Does anyone contend that this is the case in, eg, New York City?
The Sergeants’ Benevolent Association routinely engages in fedposts that would make William Luther Pierce blush. At one point they declared war on the elected government of New York City, bin Laden style. This is raw Praetorianism – the palace guards get a veto over the emperor, because they can at a minimum always refuse to keep him safe.
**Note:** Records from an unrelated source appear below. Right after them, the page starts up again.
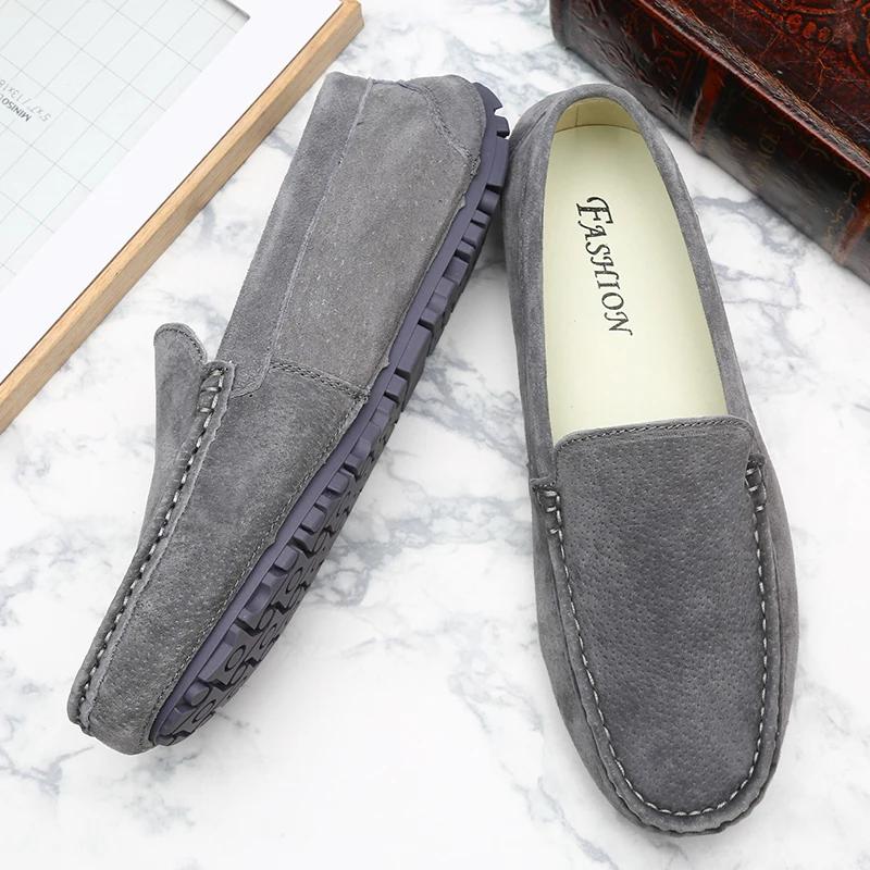 Мужская обувь в британском стиле, кожаные туфли на плоской подошве, повседневная мужская обувь, мокасины для вождения, мягкие лоферы, замшевая классическая обувь 44 серый
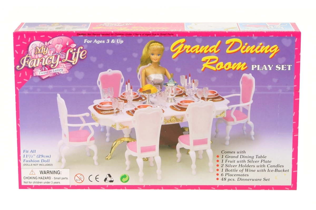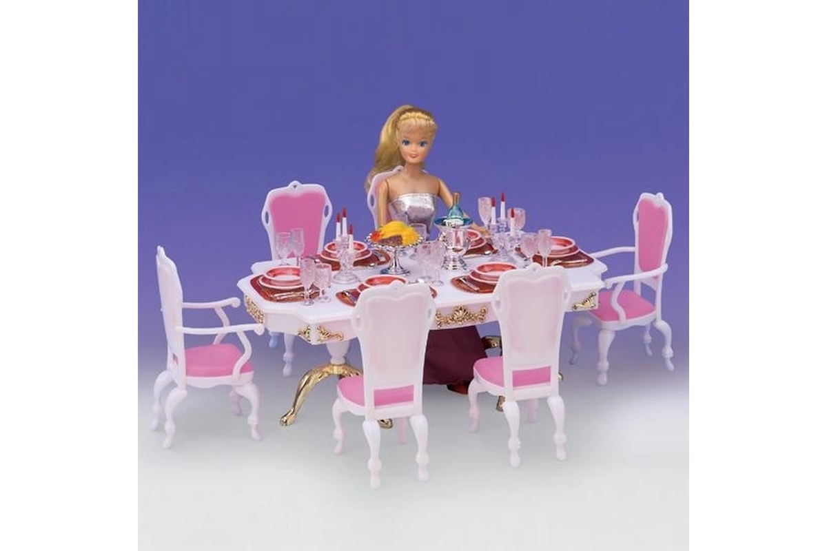 Stylowy zestaw Glorie do lalkowego biesiadowania zamieni każdy pokoik w elegancką jadalnię. Zawiera duży plastikowy stół, 6 krzeseł (2 z podłokietnikami) oraz bogate nakrycie stołu, w tym kieliszki, talerze i sztućce. Idealny do kreatywnej zabawy dla dzieci od 3 lat.
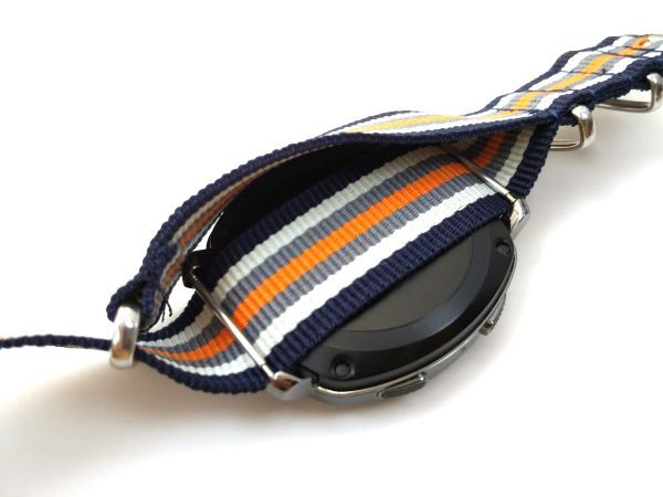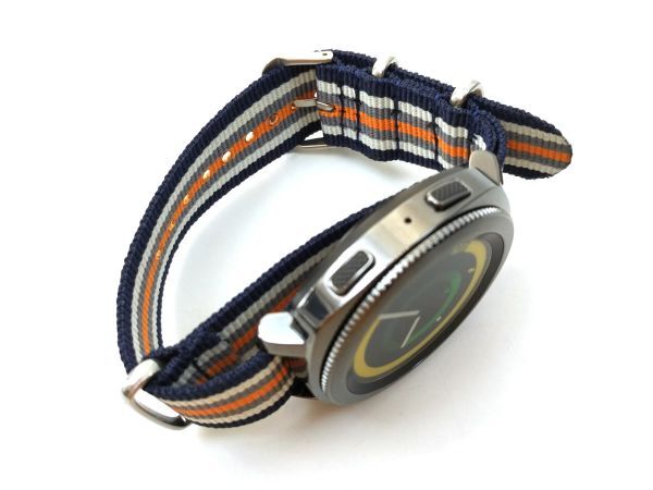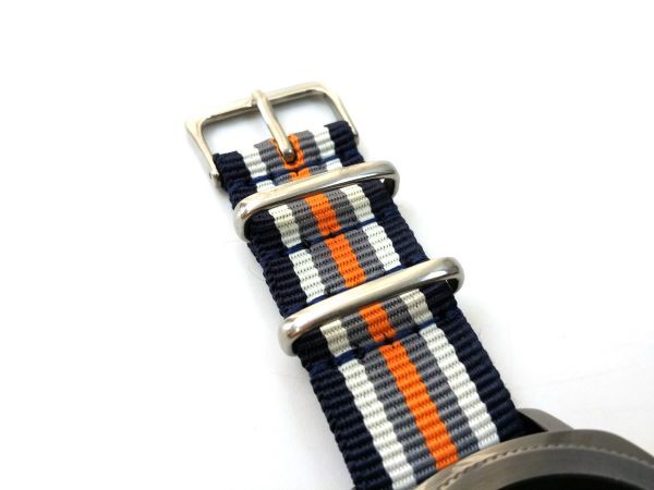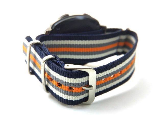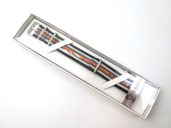 ナイロン製ミリタリーストラップ 布ベルト natoタイプ 腕時計 ネイビー白グレー オレンジ ストライプ 20mm
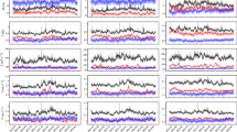 To account for diurnal, seasonal and longer-term variations in the data, we included temporal information as input to both the encoder and forecasting modules. These channels consisted of \(\sin \left(\frac{2{\rm{\pi }}d}{366}\right),\cos \left(\frac{2{\rm{\pi }}d}{366}\right),\sin \left(\frac{2{\rm{\pi }}h}{24}\right)\) and \(\cos \left(\frac{2{\rm{\pi }}h}{24}\right)\), where d is the day of the year and h is the hour of the day. The absolute year was also included to account for any changes in data characteristics over the training record. To account for the effects of orography on the weather system, we included several sources of orographic information taken from the ERA5 dataset34 as static fields. The data were provided by the ECMWF. These were the geopotential at surface level, angle of sub-grid-scale orography, anisotropy of sub-grid-scale orography, slope of sub-grid-scale orography and standard deviation of orography.
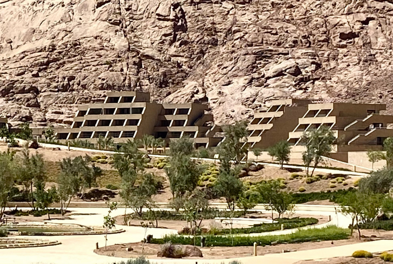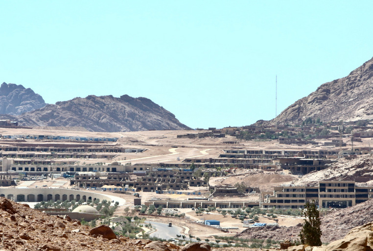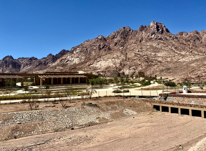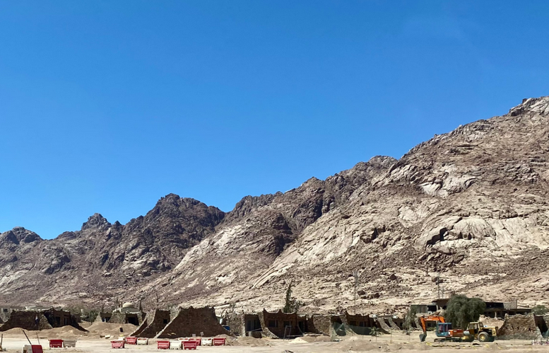 Descending the winding, asymmetrical road that leads out of the perimeter of the Monastery of Saint Catherine, the view that unfolds before you is almost surreal: in the sun-scorched valley, just a breath away from the sacred site, a colossal tourist project has already begun to take shape.
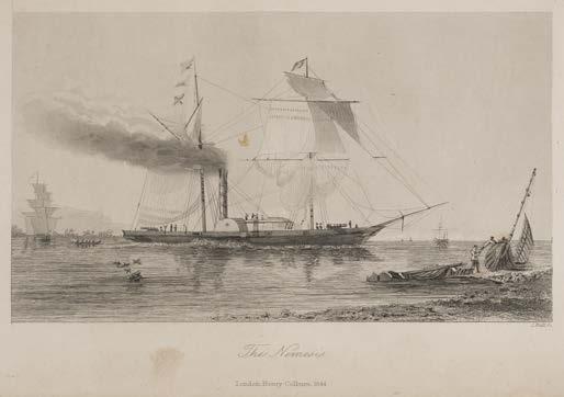 8 Hall (William Hutcheson & William Dallas Bernard). Narrative of the Voyage and Services of the Nemesis, from 1840 to 1843; and of the combined naval and military operations in China: comprising a complete account of the Colony of Hong Kong, and remarks on the character and habits of the Chinese, 2 volumes, 1st edition, London: Henry Colburn, 1844, engraved frontispieces, 4 engraved plates, 3 folding maps (map at end of volume I torn in half without loss), occasional light spotting, Eton leaving inscription at front of volume I, bookplates, contemporary calf gilt, lacking one spine label, one label a title wormed), spines lightly rubbed, small tear at head of volume II, 8vo, together with Athens and Attica: Journal of a Residence there, by Christopher Wordsworth, 2nd edition, 1837 The Nemesis, the first British iron ocean-going warship was captained by William Hall and arrived in Chinese waters in late 1840. It was deployed to great effect during the First Opium War of 1839-42.
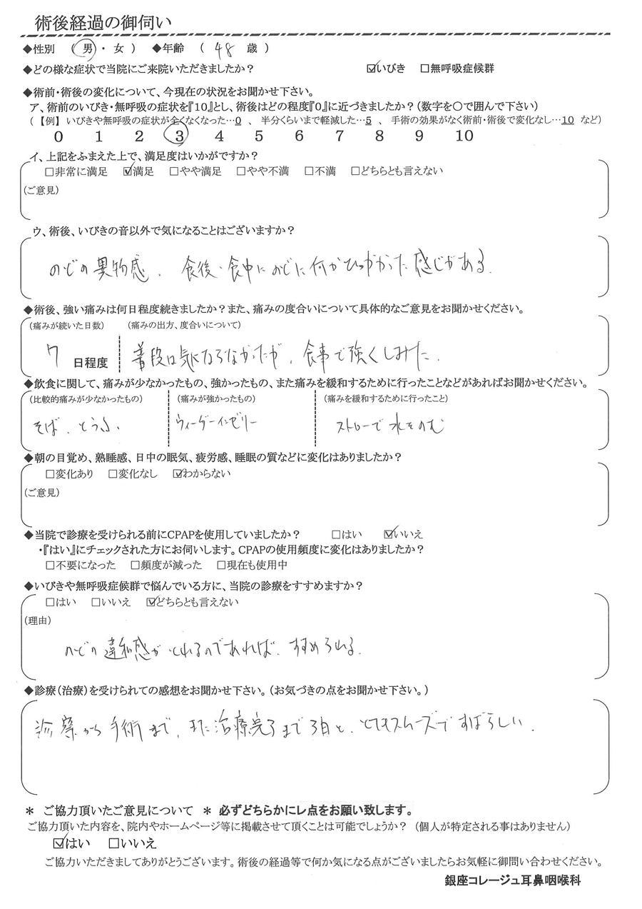 ア, 術前のいびき・無呼吸の症状を『10』だったとすると、術後はどの程度になりましたか? 【3】

The same thing happens at varying scales at every police department of reasonable size – which is to say, every police department with a problem population to deal with. There is an attempt at an intrinsically unreasonable bargain – keep these people away from us, but don’t hurt them, but make sure they don’t come back, but respect their freedom. Understandably, the violence specialists hired demand privileges for being put into an impossible situation (mostly, an obscene pay & benefit package, the right to protect their honor by force, and effective immunity from any legal scrutiny unless they murder someone on camera, in which case flip a coin). Privileges (literally – “private law,” a favored legal status not applicable to the general population) understandably attract people who enjoy in a very literal sense lording over the population. The rot grows; go along to get along, or find out that your comrades no longer have your back and you’re in an untenable situation.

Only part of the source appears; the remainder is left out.